Sulla fede niente equivoci
di don Silvio Longobardi
Dal Vangelo secondo Giovanni (Gv 6,52-59)
In quel tempo, i Giudei si misero a discutere aspramente fra loro: «Come può costui darci la sua carne da mangiare?». Gesù disse loro: «In verità, in verità io vi dico: se non mangiate la carne del Figlio dell’uomo e non bevete il suo sangue, non avete in voi la vita. Chi mangia la mia carne e beve il mio sangue ha la vita eterna e io lo risusciterò nell’ultimo giorno. Perché la mia carne è vero cibo e il mio sangue vera bevanda. Chi mangia la mia carne e beve il mio sangue rimane in me e io in lui. Come il Padre, che ha la vita, ha mandato me e io vivo per il Padre, così anche colui che mangia me vivrà per me. Questo è il pane disceso dal cielo; non è come quello che mangiarono i padri e morirono. Chi mangia questo pane vivrà in eterno». Gesù disse queste cose, insegnando nella sinagoga a Cafàrnao.
Il commento
“Se non mangiate la carne del Figlio dell’uomo e non bevete il suo sangue, non avete in voi la vita” (6,53). Queste parole sono inequivocabili. Non bastava affermare di essere “il pane della vita” (6,48); per evitare un’interpretazione simbolica, chiede di mangiare la sua carne e bere il suo sangue. Un linguaggio incomprensibile e scandaloso per i Giudei ma Gesù non sembra affatto preoccupato delle inevitabili reazioni negative. Avrebbe potuto usare altre parole per venire incontro alla difficoltà culturale dei suoi interlocutori e invece sceglie la via più ostica, vuole evitare che una verità così importante possa essere equivocata o interpretata in chiave simbolica. Mi sembra una questione di metodo. Vi sono cose opinabili sulle quali possiamo e dobbiamo cercare l’accordo più ragionevole; e vi sono verità che appartengono alla grammatica essenziale della vita umana sulle quali non possiamo in alcun modo transigere e che, anzi, dobbiamo affermare con nitidezza per evitare che le ombre possano alimentare dubbi o interpretazioni riduttive.
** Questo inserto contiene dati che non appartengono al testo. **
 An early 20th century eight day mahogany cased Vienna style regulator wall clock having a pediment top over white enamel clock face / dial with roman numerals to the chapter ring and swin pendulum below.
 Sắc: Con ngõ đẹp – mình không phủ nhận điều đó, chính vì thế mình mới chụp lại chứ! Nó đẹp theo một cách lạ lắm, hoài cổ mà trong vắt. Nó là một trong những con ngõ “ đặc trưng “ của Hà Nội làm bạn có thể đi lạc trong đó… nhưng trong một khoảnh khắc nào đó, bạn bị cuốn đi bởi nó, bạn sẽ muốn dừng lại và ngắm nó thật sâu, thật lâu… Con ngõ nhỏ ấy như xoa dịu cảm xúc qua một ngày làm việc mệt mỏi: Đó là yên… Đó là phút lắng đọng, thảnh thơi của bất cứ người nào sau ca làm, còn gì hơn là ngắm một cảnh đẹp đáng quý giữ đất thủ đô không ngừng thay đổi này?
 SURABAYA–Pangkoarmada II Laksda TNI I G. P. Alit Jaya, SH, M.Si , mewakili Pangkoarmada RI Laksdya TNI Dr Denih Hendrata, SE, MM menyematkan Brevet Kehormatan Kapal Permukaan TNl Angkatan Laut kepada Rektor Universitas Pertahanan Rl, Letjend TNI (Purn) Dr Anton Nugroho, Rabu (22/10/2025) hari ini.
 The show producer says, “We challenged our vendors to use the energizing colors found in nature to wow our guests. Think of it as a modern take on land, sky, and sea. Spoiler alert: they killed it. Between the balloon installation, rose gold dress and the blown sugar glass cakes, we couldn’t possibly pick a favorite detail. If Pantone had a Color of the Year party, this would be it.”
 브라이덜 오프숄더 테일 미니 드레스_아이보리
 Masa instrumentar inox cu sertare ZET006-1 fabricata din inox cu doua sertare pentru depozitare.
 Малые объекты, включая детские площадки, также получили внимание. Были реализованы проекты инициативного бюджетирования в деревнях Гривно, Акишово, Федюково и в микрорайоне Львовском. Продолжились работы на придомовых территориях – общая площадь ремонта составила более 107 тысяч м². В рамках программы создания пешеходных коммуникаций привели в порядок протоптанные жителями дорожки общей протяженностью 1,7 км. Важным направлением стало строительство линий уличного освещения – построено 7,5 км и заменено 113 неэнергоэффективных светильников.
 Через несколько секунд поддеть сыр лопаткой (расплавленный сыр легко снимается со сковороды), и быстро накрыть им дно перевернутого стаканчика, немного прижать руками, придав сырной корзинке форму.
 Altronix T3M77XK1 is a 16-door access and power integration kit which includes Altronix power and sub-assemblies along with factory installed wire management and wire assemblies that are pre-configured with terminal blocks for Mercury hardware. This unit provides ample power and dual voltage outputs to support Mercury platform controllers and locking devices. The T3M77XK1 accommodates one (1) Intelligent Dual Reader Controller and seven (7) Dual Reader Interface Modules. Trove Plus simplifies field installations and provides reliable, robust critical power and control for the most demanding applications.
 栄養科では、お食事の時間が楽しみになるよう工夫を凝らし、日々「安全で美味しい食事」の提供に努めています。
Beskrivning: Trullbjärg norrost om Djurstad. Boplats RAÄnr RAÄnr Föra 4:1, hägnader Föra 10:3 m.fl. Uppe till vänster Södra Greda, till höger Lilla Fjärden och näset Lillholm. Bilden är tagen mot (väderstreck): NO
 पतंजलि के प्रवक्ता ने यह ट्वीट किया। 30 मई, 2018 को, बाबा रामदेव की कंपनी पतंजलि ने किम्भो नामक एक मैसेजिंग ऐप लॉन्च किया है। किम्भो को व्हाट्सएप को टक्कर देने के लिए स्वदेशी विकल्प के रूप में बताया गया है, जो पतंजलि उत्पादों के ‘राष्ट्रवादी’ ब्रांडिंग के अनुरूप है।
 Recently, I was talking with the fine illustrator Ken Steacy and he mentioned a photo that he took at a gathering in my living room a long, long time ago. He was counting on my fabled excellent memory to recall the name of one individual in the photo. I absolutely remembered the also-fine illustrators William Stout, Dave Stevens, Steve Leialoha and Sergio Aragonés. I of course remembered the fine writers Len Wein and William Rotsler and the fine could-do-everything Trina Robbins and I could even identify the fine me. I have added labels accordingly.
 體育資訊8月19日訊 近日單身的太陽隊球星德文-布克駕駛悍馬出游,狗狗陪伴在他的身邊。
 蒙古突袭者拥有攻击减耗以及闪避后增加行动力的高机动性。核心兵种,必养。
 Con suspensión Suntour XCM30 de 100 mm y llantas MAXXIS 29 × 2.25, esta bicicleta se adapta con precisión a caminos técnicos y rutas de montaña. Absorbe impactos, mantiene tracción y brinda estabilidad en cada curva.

Il Quarto Vangelo inizia con l’annuncio che Colui che “era in principio presso Dio […] si fece carne e venne ad abitare in mezzo a noi” (1,1.14). Anche nel brano odierno troviamo lo stesso vocabolo [sarx]. In questo caso però non indica solo la veste umana del Figlio di Dio ma la condizione essenziale per ricevere la vita divina. Dio si è fatto uomo per vestire di luce divina la nostra umanità. Admirabile commercium, dicevano i Padri. Per essere e diventare discepoli di Gesù non basta accogliere le sue idee, non basta proclamare quei valori di umanità che trovano nel Vangelo la sua fonte. È necessario essere così uniti a lui da diventare una sola cosa con Lui. Tutto questo non avviene attraverso un processo identificativo che trova nella volontà umana la sua forza ma passa attraverso la mensa eucaristica. Chi mangia la carne di Gesù diviene partecipe della sua stessa vita, quella che dura per sempre. Riascoltiamo queste parole stando in ginocchio dinanzi al Tabernacolo e rendiamo grazie per aver ricevuto una grazia che supera ogni umana attesa.